* **WHAT IS REQUIRED**:
Restate word for word the lines below that run from the one holding "Ограда Аничкова моста" through the one holding "La République Fédérale", inclusive. Pictures don't belong in the copy.

[Opening INFORMATION SUPPLIED section]

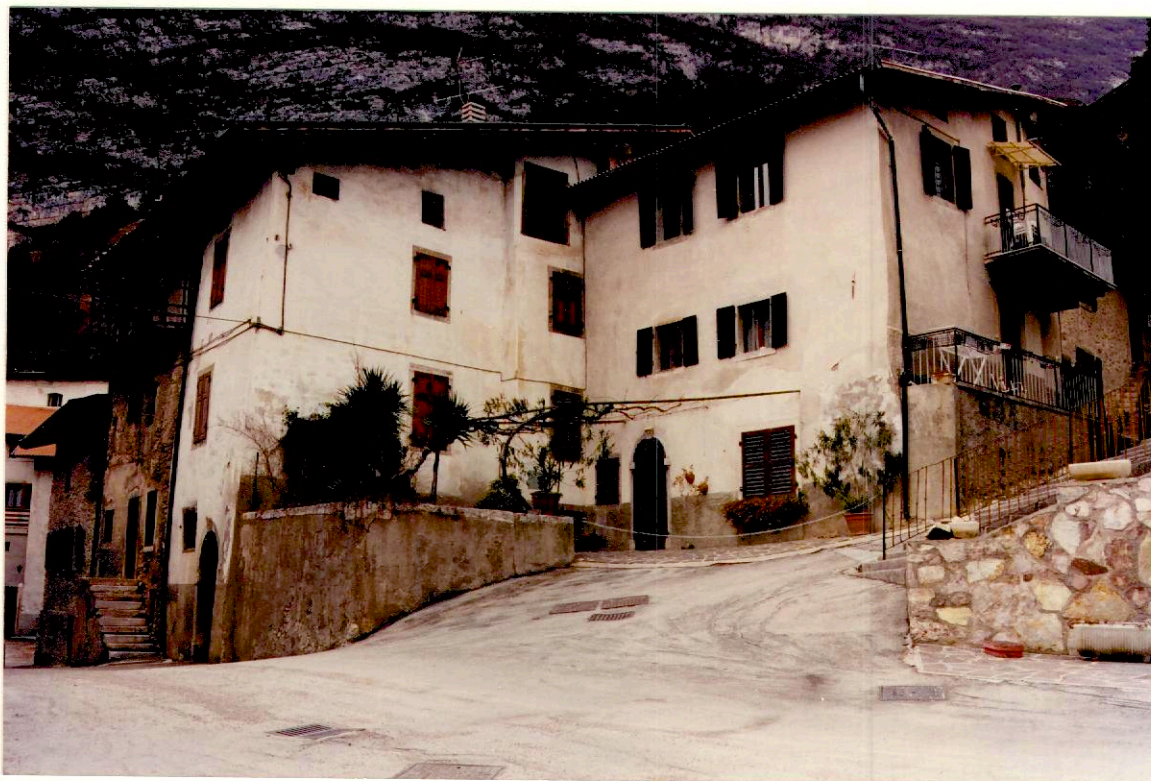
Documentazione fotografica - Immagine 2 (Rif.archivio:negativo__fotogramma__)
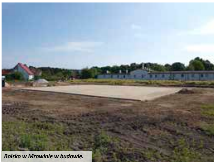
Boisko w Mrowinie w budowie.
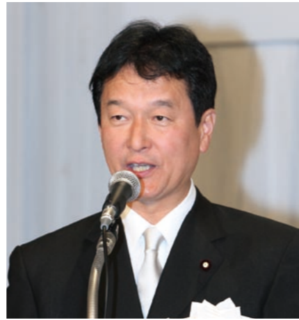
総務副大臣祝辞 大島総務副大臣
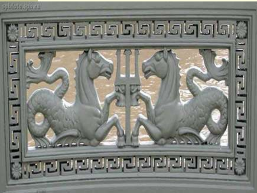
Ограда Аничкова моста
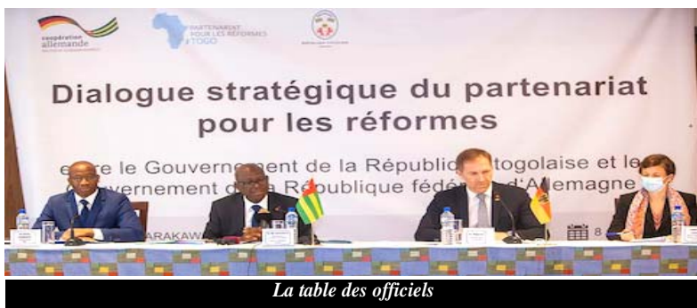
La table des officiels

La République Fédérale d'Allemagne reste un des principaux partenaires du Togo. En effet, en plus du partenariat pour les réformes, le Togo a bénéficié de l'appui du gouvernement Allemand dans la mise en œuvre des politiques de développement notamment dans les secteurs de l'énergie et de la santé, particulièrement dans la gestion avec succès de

[Closing INFORMATION SUPPLIED section]
[Opening INFORMATION SUPPLIED section]

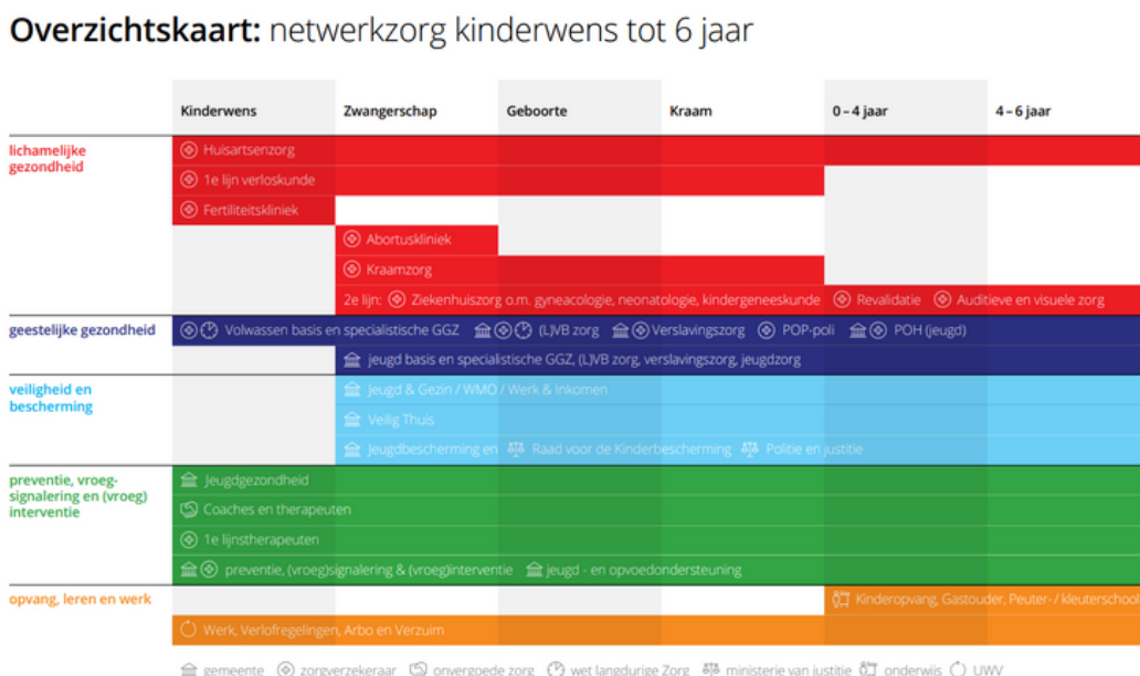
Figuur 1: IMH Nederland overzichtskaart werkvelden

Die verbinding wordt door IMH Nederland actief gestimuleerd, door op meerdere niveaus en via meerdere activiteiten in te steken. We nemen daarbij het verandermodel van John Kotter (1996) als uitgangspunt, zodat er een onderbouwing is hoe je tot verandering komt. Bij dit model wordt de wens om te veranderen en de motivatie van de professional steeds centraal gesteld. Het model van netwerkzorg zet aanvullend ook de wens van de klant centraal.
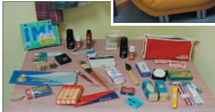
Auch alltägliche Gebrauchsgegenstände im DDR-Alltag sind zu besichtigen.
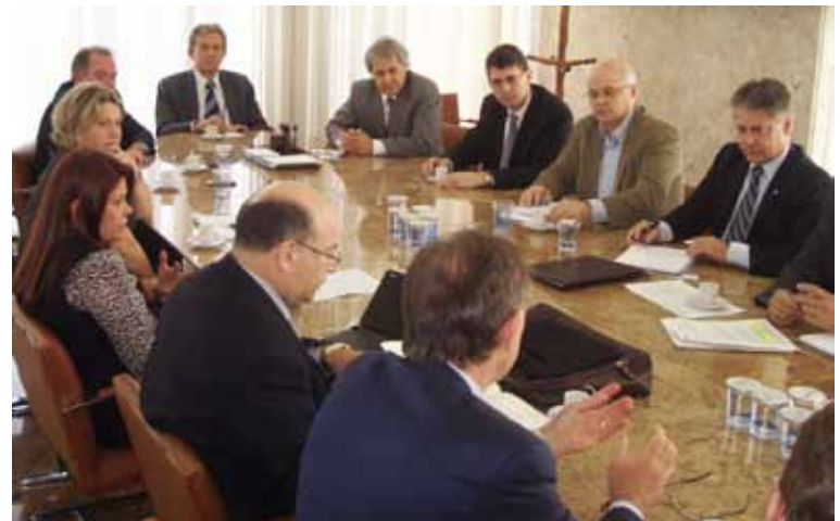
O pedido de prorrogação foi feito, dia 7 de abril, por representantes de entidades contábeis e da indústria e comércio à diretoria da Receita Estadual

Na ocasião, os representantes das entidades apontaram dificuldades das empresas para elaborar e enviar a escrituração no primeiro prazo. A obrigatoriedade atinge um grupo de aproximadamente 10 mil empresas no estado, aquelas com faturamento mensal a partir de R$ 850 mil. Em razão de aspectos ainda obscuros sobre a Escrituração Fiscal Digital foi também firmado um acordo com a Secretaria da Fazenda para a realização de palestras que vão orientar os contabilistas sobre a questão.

[Closing INFORMATION SUPPLIED section]

* **SOLUTION FOR THIS PROBLEM**:
Ограда Аничкова моста
La table des officiels

La République Fédérale d'Allemagne reste un des principaux partenaires du Togo. En effet, en plus du partenariat pour les réformes, le Togo a bénéficié de l'appui du gouvernement Allemand dans la mise en œuvre des politiques de développement notamment dans les secteurs de l'énergie et de la santé, particulièrement dans la gestion avec succès de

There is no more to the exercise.